= P.E.A.C.E. Plan =

The P E A C E Plan is a humanitarian development program for churches and an evangelical Christian mission from Saddleback Church in Lake Forest in California in the United States.

== History ==
The P.E.A.C.E. Plan has origins in the reading of an article on orphans of HIV/AIDS in Africa by Kay, the wife of Baptist pastor Rick Warren and a meeting in 2003 of the couple with a pastor of a township of Johannesburg in South Africa.
The program was founded in the same year by the Saddleback Church and Warren to combat five development challenges. For 18 months, pilot programs were tested with twinning of villages with small church groups. In 2005, the program was established in Rwanda which was the first permanent partner.

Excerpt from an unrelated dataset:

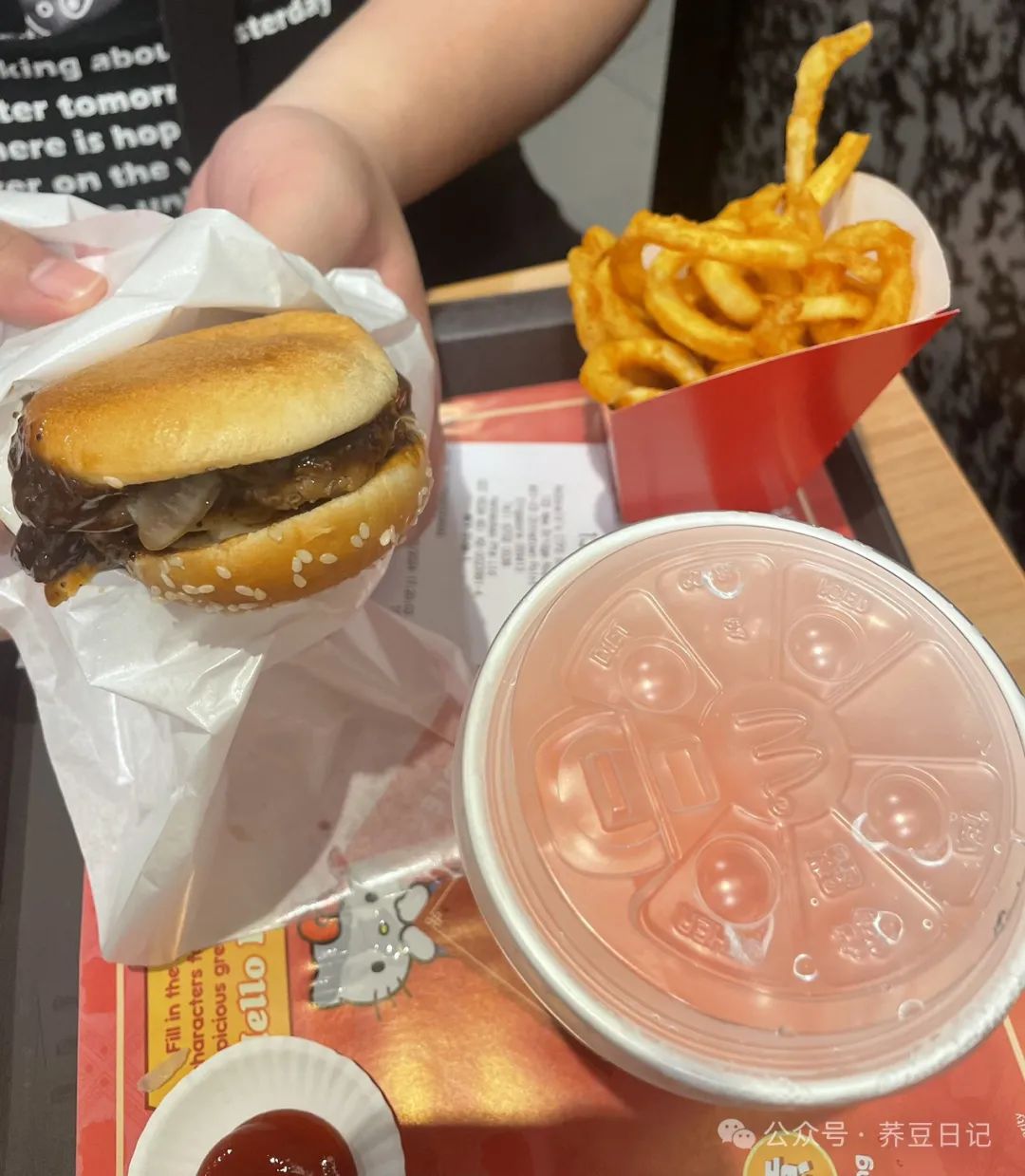 新加坡限定版麦当劳牛肉长堡、姜味汽水和番茄薯条。S?10
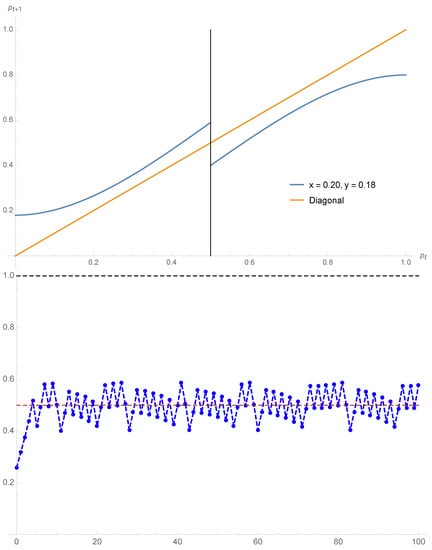 As soon as the dynamics becomes alternating. Using Equation (7) the expression is shown as a function of for (left) and (right). The arrows show the dynamics from (left) and (right) for several iterations. For the first case, any initial value leads to the single attractor but through jumps in respective supports for both opinions. For the second case, the iteration produces jumps around the tipping point but now alternating towards and .

In 2008, after listening to comments from church leaders in various countries on the effectiveness of the program, Rick Warren made several corrections to the program, including the addition of the church reconciliation component.

== Programs ==
The five challenges of the program are:
1. spiritual emptiness;
2. egocentric leadership;
3. extreme poverty;
4. pandemic diseases;
5. illiteracy and lack of education.

The five objectives of the program are:
1. Plant or support churches for reconciliation: Support or plant churches by providing resources to combat racism and injustice.
2. Equip church leaders: Provide leadership training.
3. Assisting the poor: Support savings groups, business projects, and orphans.
4. Caring for the sick: Support access to clean water, sanitation, mental health care, people living with HIV/AIDS.
5. Educate the next generation: Support literacy programs in English.

In the fight against poverty in Africa, the program prioritizes the maintenance of contact of AIDS orphans with their communities by entrusting them to host families and avoids building orphanages.

== Critics ==
In 2009, a study by the National University of Rwanda noted that the health component of the program, in Karongi District in Rwanda, had certain weaknesses, including the lack of cooperation between the churches of different names, lack of staff to manage outcome evaluation data, and reluctance to collaborate with secular groups (governments, NGOs, universities).